Exercise aim –
Below are records to repeat exactly; do not include any pictures.

[Collected data]
»»
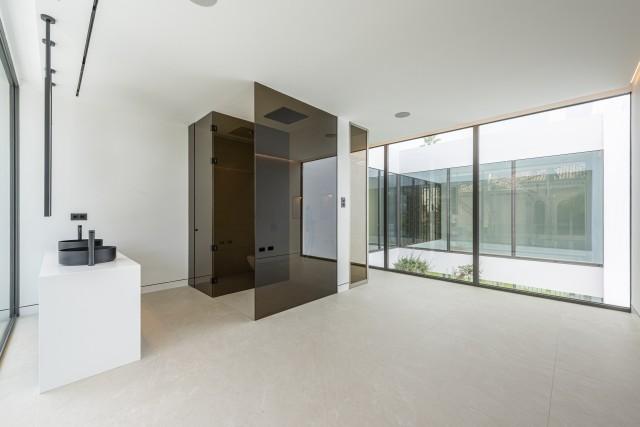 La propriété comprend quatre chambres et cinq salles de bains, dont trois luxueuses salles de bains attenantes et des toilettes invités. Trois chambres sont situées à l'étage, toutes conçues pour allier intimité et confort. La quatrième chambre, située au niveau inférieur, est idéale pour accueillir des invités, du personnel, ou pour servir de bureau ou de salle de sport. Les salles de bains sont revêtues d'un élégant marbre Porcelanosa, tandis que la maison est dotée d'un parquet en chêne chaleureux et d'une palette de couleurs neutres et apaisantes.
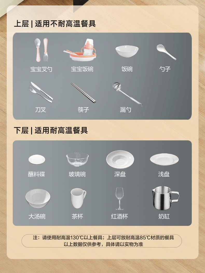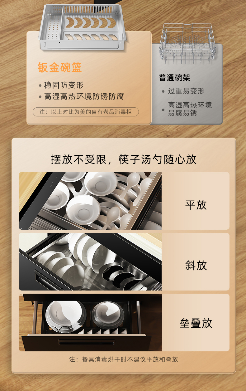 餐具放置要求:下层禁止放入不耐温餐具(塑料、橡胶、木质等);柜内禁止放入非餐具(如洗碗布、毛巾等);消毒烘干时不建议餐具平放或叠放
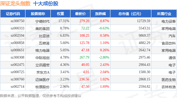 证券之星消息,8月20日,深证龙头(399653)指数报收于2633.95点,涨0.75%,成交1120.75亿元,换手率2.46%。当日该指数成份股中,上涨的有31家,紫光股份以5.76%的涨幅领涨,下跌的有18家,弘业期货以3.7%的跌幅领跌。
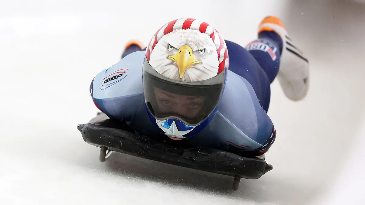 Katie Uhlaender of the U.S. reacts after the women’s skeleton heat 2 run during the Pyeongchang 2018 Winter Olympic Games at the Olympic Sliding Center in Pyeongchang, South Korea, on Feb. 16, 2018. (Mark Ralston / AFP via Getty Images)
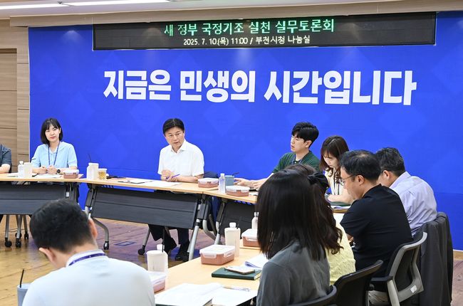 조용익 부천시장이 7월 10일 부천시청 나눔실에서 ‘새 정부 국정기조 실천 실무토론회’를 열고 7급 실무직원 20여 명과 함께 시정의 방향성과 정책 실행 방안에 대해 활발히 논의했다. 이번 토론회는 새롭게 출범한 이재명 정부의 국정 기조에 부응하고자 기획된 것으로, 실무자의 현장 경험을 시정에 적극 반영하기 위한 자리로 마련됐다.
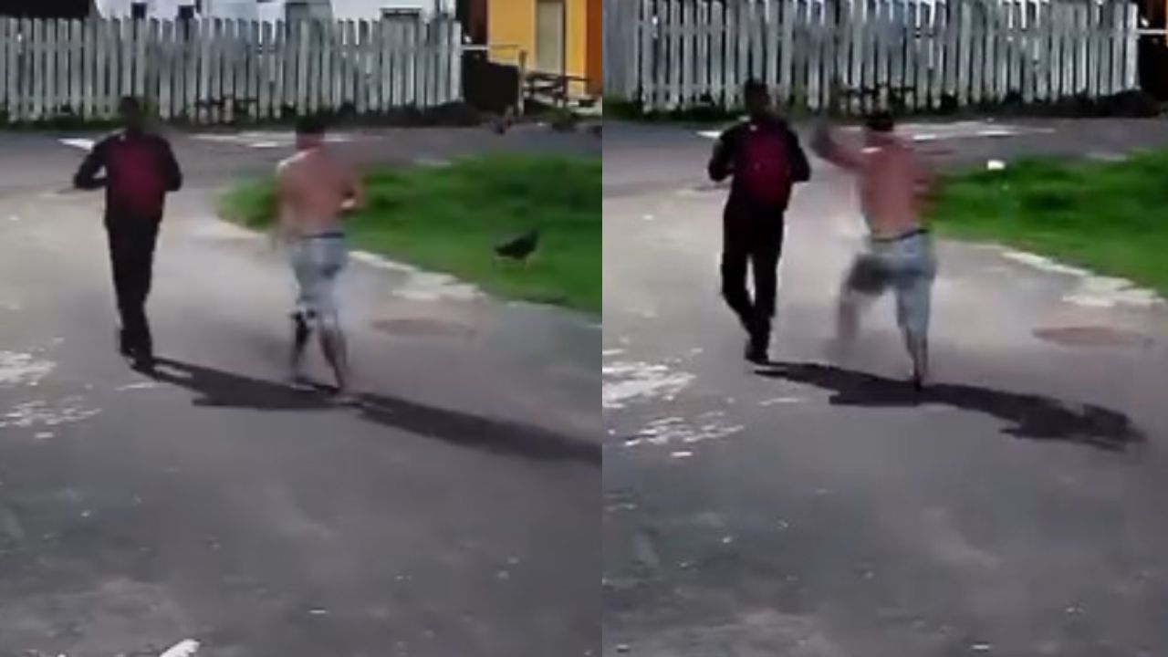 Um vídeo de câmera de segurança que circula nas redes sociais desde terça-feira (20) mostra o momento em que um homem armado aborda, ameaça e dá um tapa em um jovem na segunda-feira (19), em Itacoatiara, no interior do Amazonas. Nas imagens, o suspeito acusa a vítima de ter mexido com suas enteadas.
««
Response to this exercise –
 La propriété comprend quatre chambres et cinq salles de bains, dont trois luxueuses salles de bains attenantes et des toilettes invités. Trois chambres sont situées à l'étage, toutes conçues pour allier intimité et confort. La quatrième chambre, située au niveau inférieur, est idéale pour accueillir des invités, du personnel, ou pour servir de bureau ou de salle de sport. Les salles de bains sont revêtues d'un élégant marbre Porcelanosa, tandis que la maison est dotée d'un parquet en chêne chaleureux et d'une palette de couleurs neutres et apaisantes.
 餐具放置要求:下层禁止放入不耐温餐具(塑料、橡胶、木质等);柜内禁止放入非餐具(如洗碗布、毛巾等);消毒烘干时不建议餐具平放或叠放
 证券之星消息,8月20日,深证龙头(399653)指数报收于2633.95点,涨0.75%,成交1120.75亿元,换手率2.46%。当日该指数成份股中,上涨的有31家,紫光股份以5.76%的涨幅领涨,下跌的有18家,弘业期货以3.7%的跌幅领跌。
 Katie Uhlaender of the U.S. reacts after the women’s skeleton heat 2 run during the Pyeongchang 2018 Winter Olympic Games at the Olympic Sliding Center in Pyeongchang, South Korea, on Feb. 16, 2018. (Mark Ralston / AFP via Getty Images)
 조용익 부천시장이 7월 10일 부천시청 나눔실에서 ‘새 정부 국정기조 실천 실무토론회’를 열고 7급 실무직원 20여 명과 함께 시정의 방향성과 정책 실행 방안에 대해 활발히 논의했다. 이번 토론회는 새롭게 출범한 이재명 정부의 국정 기조에 부응하고자 기획된 것으로, 실무자의 현장 경험을 시정에 적극 반영하기 위한 자리로 마련됐다.
 Um vídeo de câmera de segurança que circula nas redes sociais desde terça-feira (20) mostra o momento em que um homem armado aborda, ameaça e dá um tapa em um jovem na segunda-feira (19), em Itacoatiara, no interior do Amazonas. Nas imagens, o suspeito acusa a vítima de ter mexido com suas enteadas.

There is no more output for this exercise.